ISBN-13: 9780521790406
Publisher: Cambridge University Press
Publication date: 03/28/2015
Series: SIGS Reference Library Series , #19
Pages: 548
Product dimensions: 5.43(w) x 8.50(h) x 1.42(d)

About the Author

Dr. Linda Rising is a renowned leader in the patterns community with 17 years of experience in object technologies, including telecommunications, avionics, strategic weapons systems, and university teaching. She is also the editor of The Patterns Handbook (1998, Cambridge University Press) and The Patterns Almanac 2000 (Addison-Wesley).

Read an Excerpt

1: Design Patterns in Telecommunications System Architecture

Abstract

The telephone network could be called the world's first distributed computing network. People in telecommunications treat as second nature many of the issues just surfacing in other problem domains. This article describes some of the techniques used in the telecommunications industry to deal with highly distributed high-reliability systems. A number of recurring patterns are identified and used to describe the design of the telecommunications network and its components.
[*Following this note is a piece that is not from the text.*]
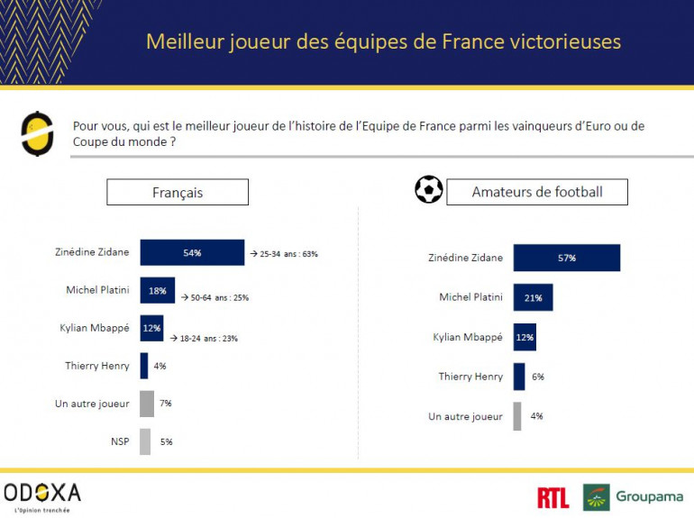 L'un de ses quatre hommes planent au dessus des autres. Pour 54% des Français et 57% des amateurs de football, Zidane est le meilleur joueur de l’histoire de l’équipe de France. Il devance l’autre n°10 légendaire des Bleus, Michel Platini (18% et 21%). Du haut de ses 21 ans, Kylian Mbappé est tout de même déjà désigné par 12% des Français et des amateurs de football et 23% des 18-24 ans.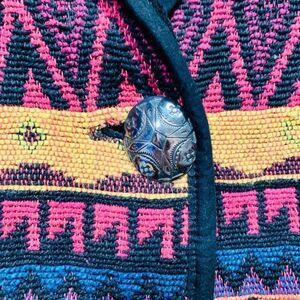 Vintage Southwestern Aztec Cowboy Ranch Rancher Ranchwear Yellowstone Rodeo Stockshow Horse Girl Rural Farm Pattern Boxy Fit Cropped Boho Bohemian Shawl Collar Earthy Colors Statement Piece Layering

Telephony has even more acronyms than computing, because we've had 50 more years to come up with them.
Telephone pioneer to young turk, 1981

Since Alexander Graham Bell made the first phone call, the telecommunications industry has been constantly striving to produce a more reliable and feature-rich telecommunications network. As evi- dence of their success, telephone service is something we all take pretty much for granted. Even when disaster strikes, such as the big San Francisco earthquake of 1989, the phone system continues to work when all other utilities are knocked out.

Being a well-established industry, the telecommunications industry has a rich set of patterns that are used to solve commonly occurring problems. It is through the use of these patterns that the highly stringent requirements of the network are met. Many of these patterns are visible to the operators of the telecom network, while others are only visible to those building the equipment from which the telecom network is assembled. This chapter focuses on the use of design patterns, as exemplified in the book Design Patterns1, in the architecture and construction of the telephone network and its elements.

The Telephony Background

Telephone networks are complex distributed systems with a long and colorful heritage. The domain has a number of inherent challenges. These include the physical distribution of the network and the need for reliability and high capacity. To meet the reliability and capacity challenges, the designers of the telephone network and its components have introduced even more distributed processing. The resulting system is distributed in many dimensions, and this distribution must be handled to ensure that reliability is increased rather than decreased.

Objects

Telephone switching systems do not have a "main" program: there are many different activities going on inside the system at any time. As a result, these systems have always had to be decomposed into smaller components. The protocols used in communication between such components usually contain an identifier of the object being affected, typically the call or the facility the call is using. This, and specification techniques such as Systems Description Language (SDL), have naturally led to switching systems being implemented using object-based techniques long before object orientation was fashionable.

Inherent Distribution

At the simplest end of the scale, a typical basic telephone call requires coordination of resources and actions across many telephone switching systems (aka switches) and other network elements. The coordination is carried out through the use of protocols between the switches. In the early days, this signaling was done using electrical pulses that told electromechanical "steppers," a hardware implementation of a 10-ary tree, which outgoing circuit to select.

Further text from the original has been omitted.